FineCog-Nav: Integrating Fine-grained Cognitive Modules for Zero-shot Multimodal UAV Navigation

CVPR 2026 Findings

Dian Shao1, Zhengzheng Xu1, Peiyang Wang2, Like Liu1, Yule Wang1, Jieqi Shi2, Jing Huo2
1Northwestern Polytechnical University    2Nanjing University
Corresponding Authors

📄 Paper 📝 arXiv 💻 Code 💾 Dataset

FineCog-Nav Poster

Poster

Demo Video

Abstract

FineCog-Nav Teaser

Teaser

UAV vision-language navigation (VLN) requires an agent to navigate complex 3D environments from an egocentric perspective while following ambiguous multi-step instructions over long horizons. Existing zero-shot methods remain limited, as they often rely on large base models, generic prompts, and loosely coordinated modules. In this work, we propose FineCog-Nav, a top-down framework inspired by human cognition that organizes navigation into fine-grained modules for language processing, perception, attention, memory, imagination, reasoning, planning, and decision-making. Each module is driven by a moderate-sized foundation model with role-specific prompts and structured input-output protocols, enabling effective collaboration and improved interpretability. To support fine-grained evaluation, we construct AerialVLN-Fine, a curated benchmark of 300 trajectories derived from AerialVLN, with sentence-level instruction-trajectory alignment and refined instructions containing explicit visual endpoints and landmark references. Experiments show that FineCog-Nav consistently outperforms zero-shot baselines in instruction adherence, long-horizon planning, and generalization to unseen environments. These results suggest the effectiveness of fine-grained cognitive modularization for zero-shot aerial navigation.

Method

FineCog-Nav Framework

FineCog-Nav Framework Pipeline

FineCog-Nav organizes zero-shot UAV navigation into a closed cognitive loop: (1) instruction parsing and subgoal extraction, (2) attention-guided perception, (3) imagination-assisted subgoal judgment, (4) multi-level memory management at step/subgoal/instruction granularity, and (5) explainable decision-making with collision-aware action selection. This modular interdependence improves interpretability and task progression over monolithic prompting pipelines.

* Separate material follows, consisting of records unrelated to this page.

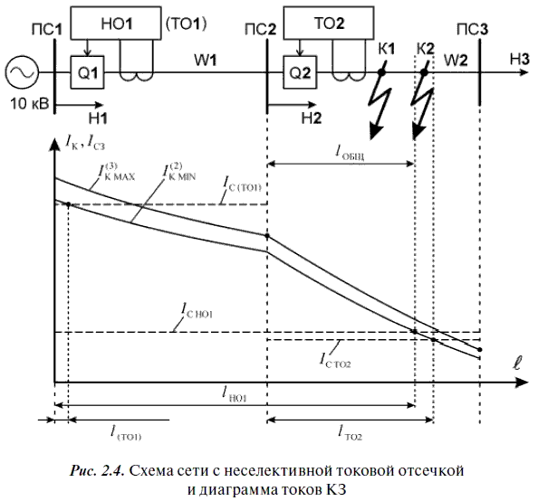 Если в исходном состоянии электрической сети КЗ произошло вне общей зоны действия защит l ОБЩ, но в зоне действия l TO2токовой отсечки ТО2 (точка К3), то под действием этой защиты будет быстро отключена только линия W2. Неселективная отсечка НО1 действовать не должна, и линия W1 остается во включенном состоянии.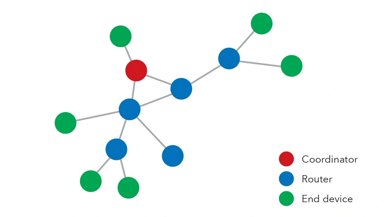 Um die Vorteile von NeoMesh besser verstehen zu können, ist es sinnvoll, es mit älteren Mesh-Netzwerktechnologien zu vergleichen, die in Bezug auf Skalierbarkeit und Energieeffizienz Einschränkungen aufweisen. Ältere Mesh-Netzwerke sind als hierarchisches System organisiert, in dem verschiedene Knoten unterschiedliche Fähigkeiten und Funktionen innerhalb des Netzwerks haben. Eine typische Topologie ist in Bild 1 dargestellt.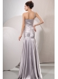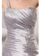 One Shoulder Silver Prom Dress with Beading and Ruching

Task objective: let the final UAV position $p_{stop}$ approach destination $p_{dest}$ under threshold $\delta$, i.e. $\|p_{stop} - p_{dest}\| \leq \delta$. The action space includes movement, turning, altitude changes, and task completion.

Experimental Results

Table 1. Comparison with Single-module BaseModel

We evaluate several base LLMs with basic prompts, forming single-module baselines referred to as BaseModels. For a fair and meaningful comparison, all experiments are conducted on AerialVLN-Fine, which provides a cleaner and more discriminative benchmark. FineCog-Nav consistently outperforms BaseModel across metrics.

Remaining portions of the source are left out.